Recorded information:
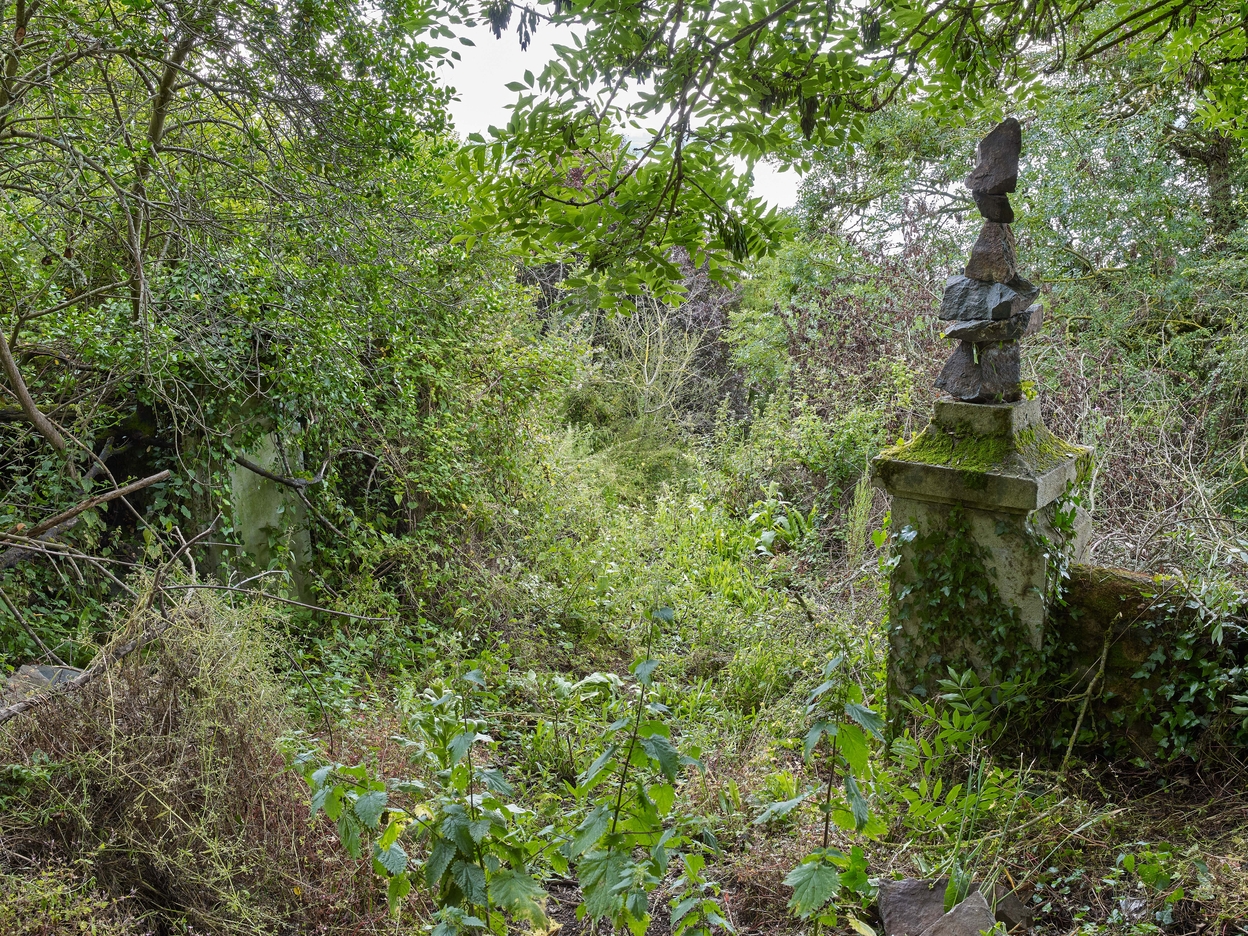 Vue de l'entrée Sud aménagée dans le mur de clôture : pilier Ouest en ciment arméImmatriculation
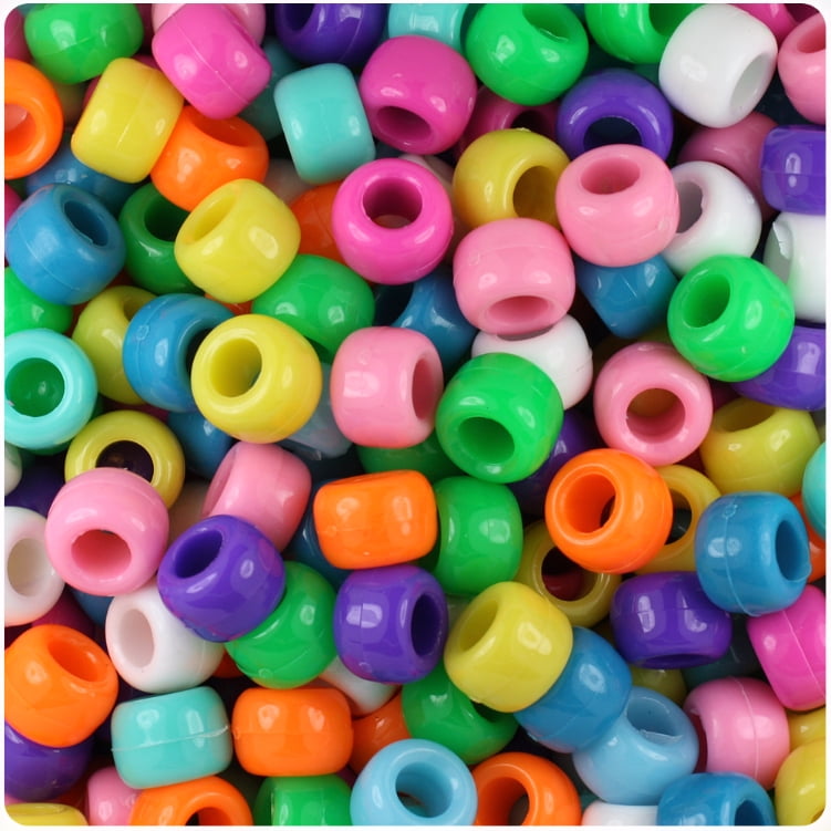 These standard barrel pony beads are ideal for making necklaces, bracelets, key chain and other jewelry projects, as well hair braiding, decorating pacifier clips, jazzing up backpacks and many other craft ideals. Made in the USA, they meet all required safety standards. These beads measure 6mm high and 9mm wide, with a 4mm hole running vertically down the middle of the beads and sold in packs of approx. 500 beads.
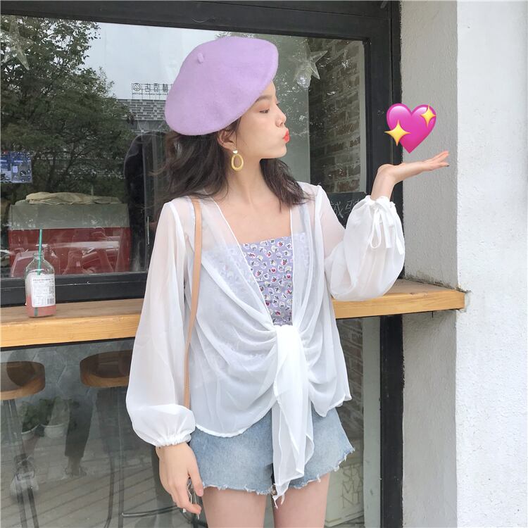 コート 薄手ホワイト 白トップス レディースシフォンシャツロング マキシ ロング丈 マキシ丈カーディガン 上着ルーズ マキシロング丈 ブラウス 女性 レディース ガーリー18206364577 | nice import1
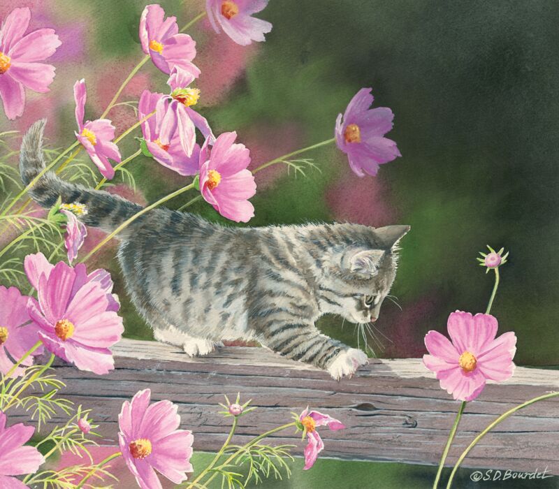 In this painting, I enjoyed contrasting the softness of feathers with the...

What is expected: From the material above, copy everything exactly but the pictures.

Response box:
 Vue de l'entrée Sud aménagée dans le mur de clôture : pilier Ouest en ciment arméImmatriculation
 These standard barrel pony beads are ideal for making necklaces, bracelets, key chain and other jewelry projects, as well hair braiding, decorating pacifier clips, jazzing up backpacks and many other craft ideals. Made in the USA, they meet all required safety standards. These beads measure 6mm high and 9mm wide, with a 4mm hole running vertically down the middle of the beads and sold in packs of approx. 500 beads.
 コート 薄手ホワイト 白トップス レディースシフォンシャツロング マキシ ロング丈 マキシ丈カーディガン 上着ルーズ マキシロング丈 ブラウス 女性 レディース ガーリー18206364577 | nice import1
 In this painting, I enjoyed contrasting the softness of feathers with the...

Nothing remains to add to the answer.